Antes de tudo, o facto de, numa demonstração, os signos utilizados serem, em princípio, desprovidos de qualquer ambiguidade, contrariamente à argumentação, que se desenrola numa língua natural, cuja ambiguidade não se encontra previamente excluída. Depois, porque a demonstração correcta é uma demonstração conforme a regras explicitadas em sistemas formalizados. Mas também, e insistimos neste ponto, porque o estatuto dos axiomas, dos princípios de que se parte, é diferente na demonstração e na argumentação.

Numa demonstração matemática, os axiomas não estão em discussão; sejam eles considerados como evidentes, como verdadeiros ou como simples hipóteses, não há qualquer preocupação em saber se eles são, ou não, aceites pelo auditório. [ ...]

Como o fim de uma argumentação não é deduzir consequências de certas premissas, mas provocar ou aumentar a adesão de um auditório às teses que se apresentam ao seu assentimento, ela não se desenvolve nunca no vazio. Pressupõe, com efeito, um contacto de espíritos entre o orador e o seu auditório: é preciso que um discurso seja escutado, que um livro seja lido, pois, sem isso, a sua acção seria nula.[...]

Como a argumentação se propõe agir sobre um auditório, modificar as suas convicções ou as suas disposições por meio de um discurso que se lhe dirige e que visa ganhar a adesão dos espíritos, em vez de impor a sua vontade pela constrição ou pela domesticação, ser-se uma pessoa a cuja opinião se atribui algum valor é já uma qualidade não negligenciável. Da mesma forma, é importante tomar a palavra em certas circunstâncias, ser o porta-voz de um grupo, de uma instituição, de um Estado e ser escutado. [...]

Aquele que argumenta não se dirige ao que consideramos como faculdades, como a razão, as emoções, a vontade. O orador dirige-se ao homem todo, mas a argumentação propiciará, conforme o caso, efeitos diferentes e utilizará, de cada vez, métodos apropriados tanto ao objecto do discurso como ao tipo de auditório sobre o qual se quer agir.
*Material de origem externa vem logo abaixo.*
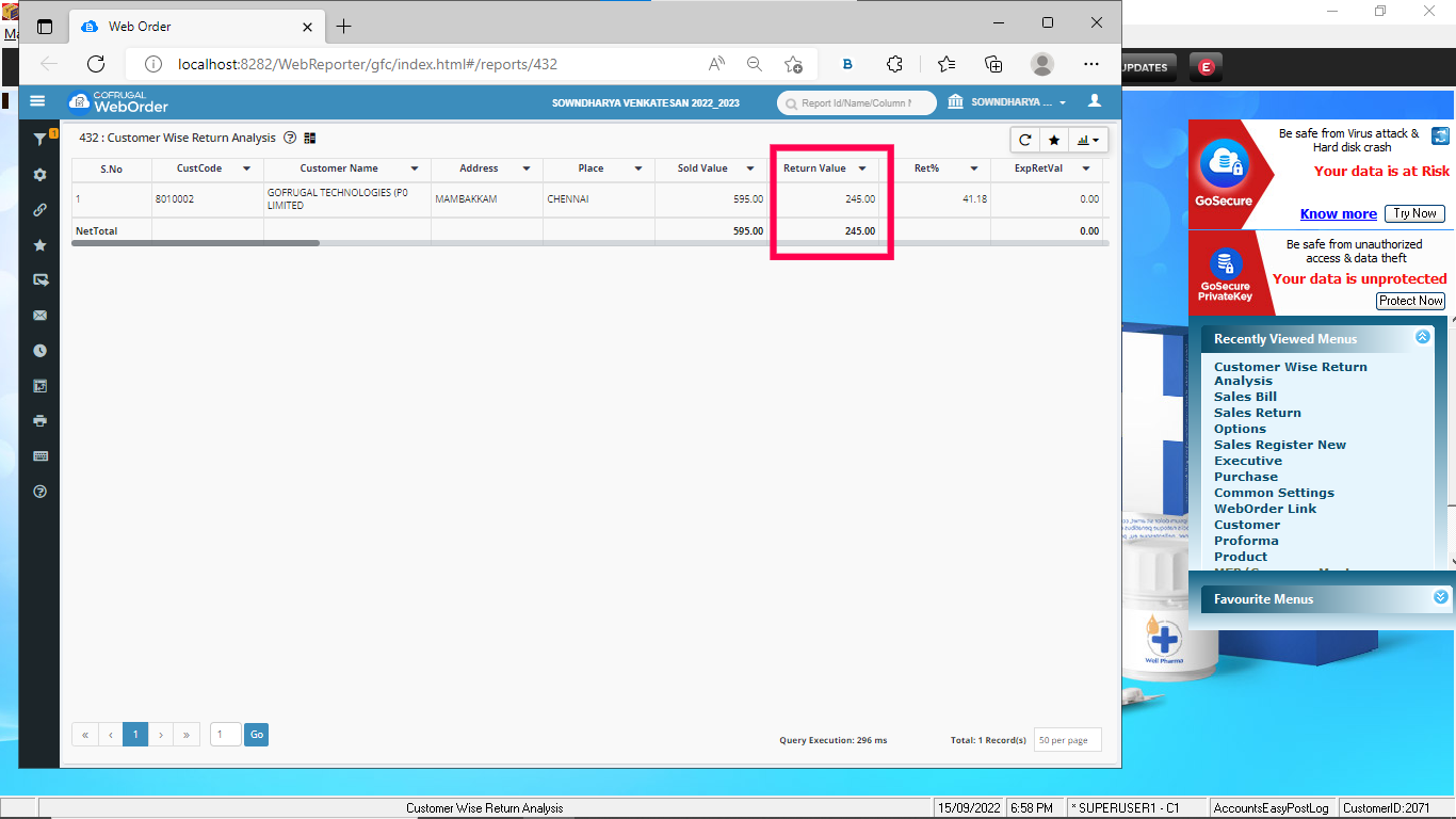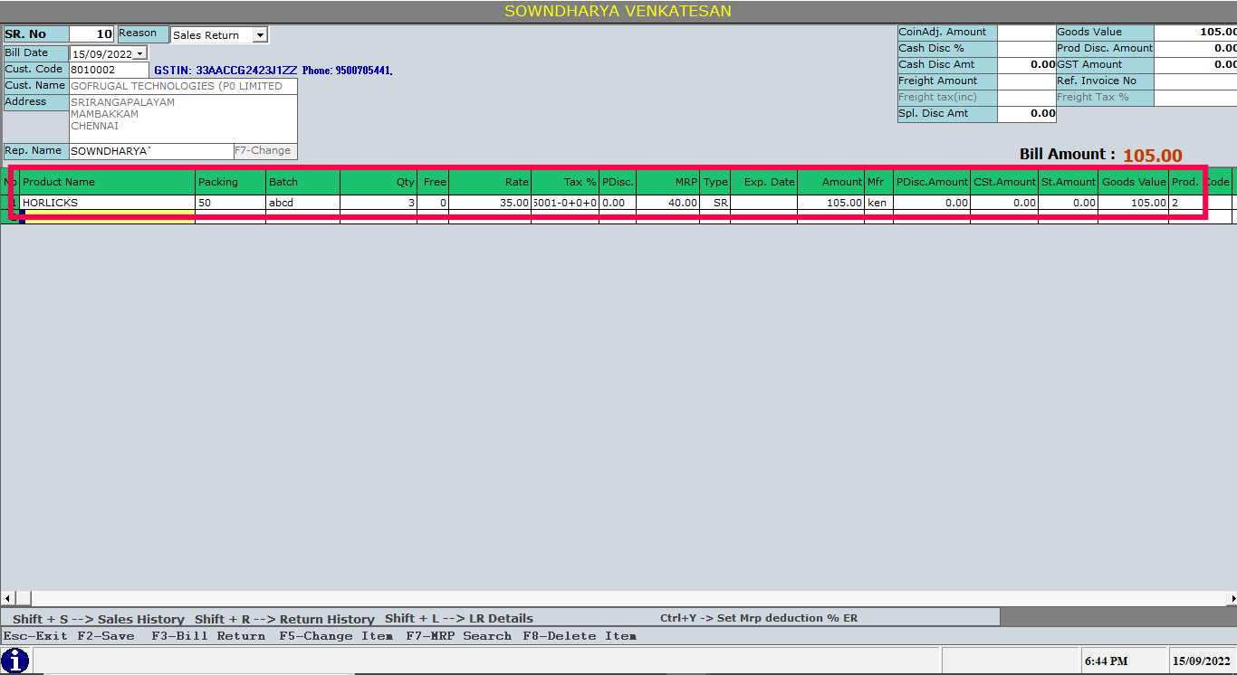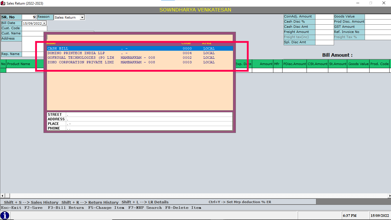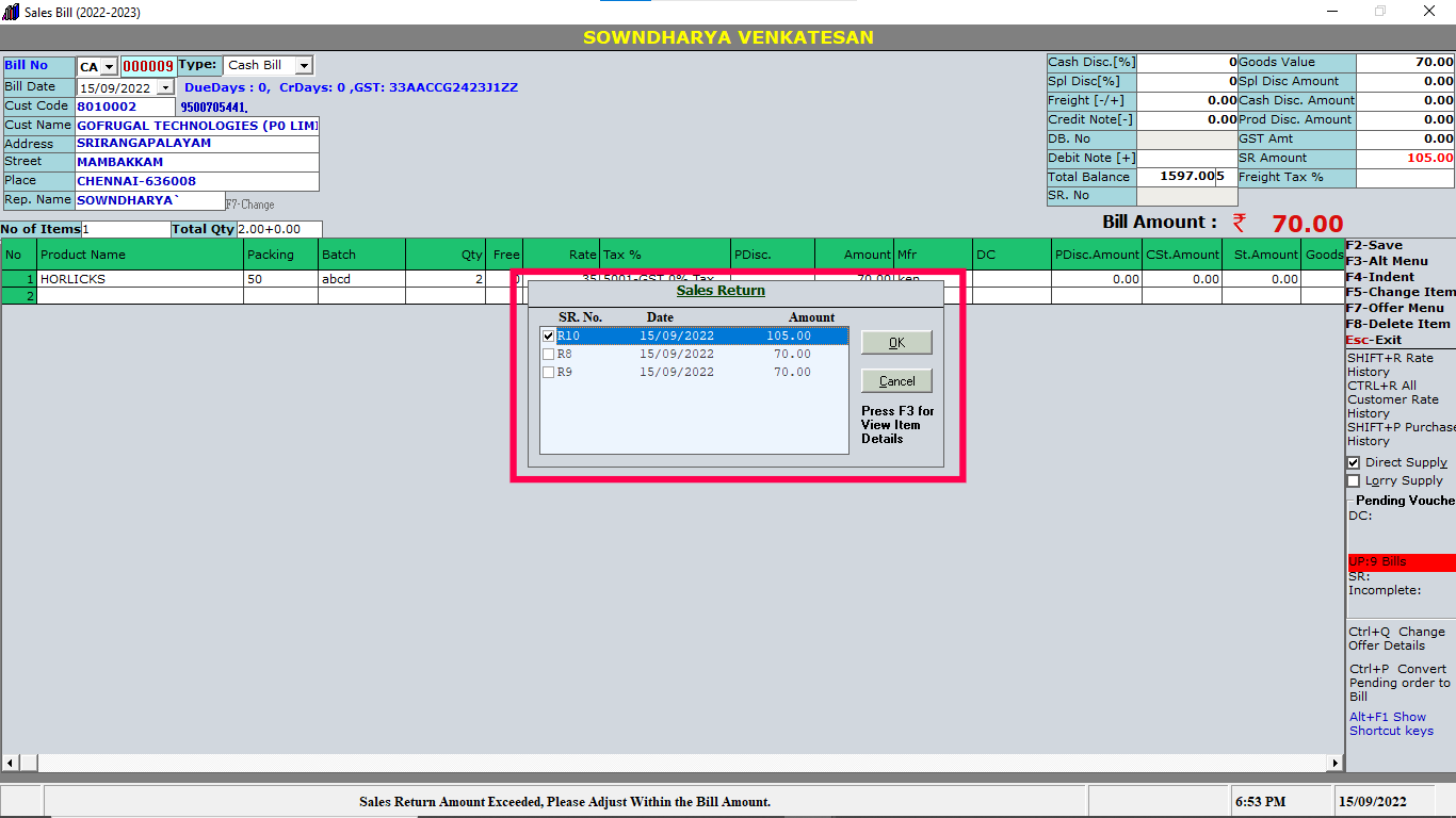 7. Enter the 'Product Name' and other fields like quantity, rate and press 'F2'. A pop up will appear containing 'Sales Return' details. Select the required and the amount will be adjusted by pressing 'Ok'

Assim, um advogado que pleita num caso comercial ou criminal, político ou de direito comum, de direito privado ou de direito internacional público, e de acordo com o género de tribunal que se trata de convencer, não utilizará nem o mesmo estilo nem o mesmo tipo de argumentos.O único conselho, de ordem geral, que uma teoria da argumentação pode dar na ocorrência é recomendar ao orador que se adapte ao seu auditório. [...]

A distinção entre os discursos que se dirigem a alguns e aqueles que seriam válidos para todos permite fazer compreender melhor o que opõe o discurso persuasivo ao que se pretende convincente [ demonstração] . Em vez de considerar que a persuasão se dirige à imaginação, ao sentimento, numa palavra, ao autómato, e que o discurso convincente faz apelo à razão, em vez de as opor uma à outra, como o subjectivo ao objectivo, pode-se caracterizá-las, de uma forma mais técnica, e também mais exacta, dizendo que o discurso dirigido a um auditório particular visa persuadir, enquanto o que se dirige ao auditório universal visa convencer. [...]

Um discurso convincente é aquele cujas premissas e cujos argumentos são universalizáveis, isto é, aceitáveis, em princípio, por todos os membros do auditório universal.»

PERELMAN, O Império Retórico. Retórica e argumentação.